Cleaning a firearm
The procedure for cleaning any firearm is essentially the same. I follow this basic cleaning procedure after every trip to the range.
1. Make sure the firearm is unloaded!
2. Field strip the gun.
"Field stripping" is disassembling a firearm to a point where all parts critical to its function can be accessed and cleaned. This procedure varies enormously from gun to gun; consult your owner's manual. If you don't have one, check out this site. Basically, when your field stripping is complete, you will usually have separated the barrel from the receiver and gained access to the action. I also recommend removing the grips on handguns when cleaning, because sometimes cleaning chemicals can damage the plastic or wood finish.
3. Run a wet patch (a patch soaked with solvent) or brush through the
I usually only use patches when cleaning. Using a bristle brush is only needed occasionally, and use of such a brush too often will do nothing except cause unnecessary wear on your bore. Also, whenever possible, clean the bore from the breech end rather than the muzzle end. The reason for this is that the muzzle is the most important part of the barrel for accuracy, and we want to avoid damaging it.
4. Run dry patches (no solvent) through the bore until they come out clean.
5. Run a patch with rust protectant down the bore.
6. Clean all exposed parts of the action, as well as any other internal
parts you have access to.
Pay special attention to the chamber, which is often the dirtiest part of the firearm, and the extractor claw, which is often overlooked.
7. Once the internals are clean, lubricate the moving parts.
Your cleaning job will have applied enough residual lube, usually, if you've used a combo product like CLP. Don't overdo it; excess lubricant will attract grime and grit. One thing I like to do is put grease on the rails of semi-autos. I like Tetra Gun Grease for this purpose.
8. Reassemble the gun.
9. Clean and oil the exterior of the firearm.
This can be done with patches, but the best way is really to get some oil on your hands and "make love" to the gun. :)
10. Function check the gun.
To make sure you put everything back together properly. :) Just work the action, dry fire, etc.

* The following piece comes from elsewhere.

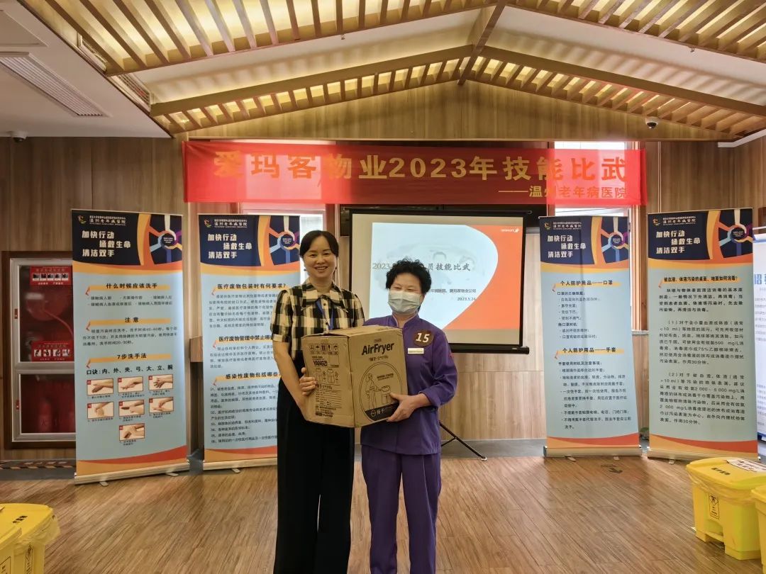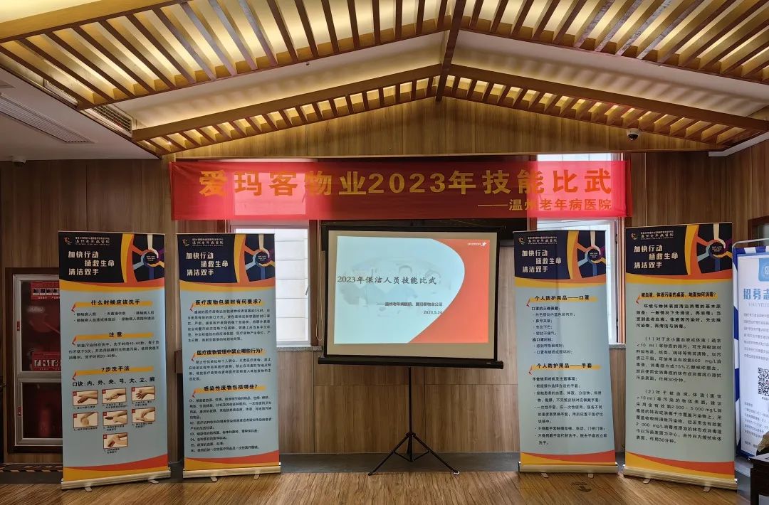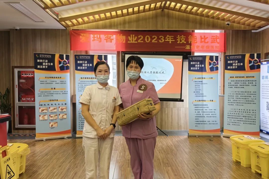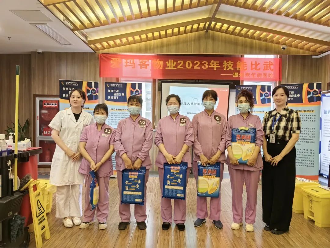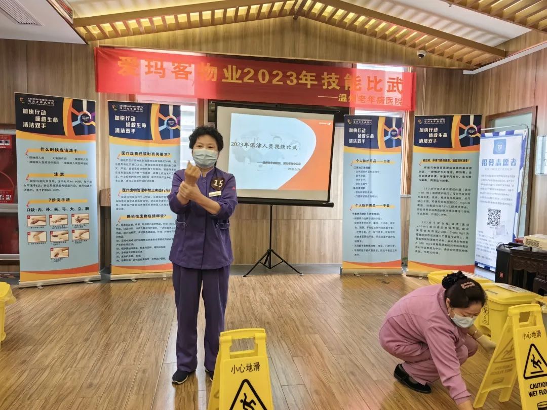2023年5月24日中午,温州老年病医院院感科联合爱玛客物业公司在门诊共同举办了“环境表面大量血液、体液溅污及呕吐物、排泄物污染的清洁消毒”技能比赛。

11. Don't forget the magazines.
Clean the followers and feed lips, at least. To easily get at the feed lips, you can use a pin punch to push down the follower. Occasionally you should completely disassemble your magazines for cleaning. This can often be done by sliding off the baseplate.
12. That's it!
Although every 1000 rounds or so you should do a more thorough cleaning than this, this procedure will suffice most of the time. Don't stress about getting your gun "museum" clean, because the very next time you fire it, it will be dirty again. Enjoy your beautifully clean gun. :)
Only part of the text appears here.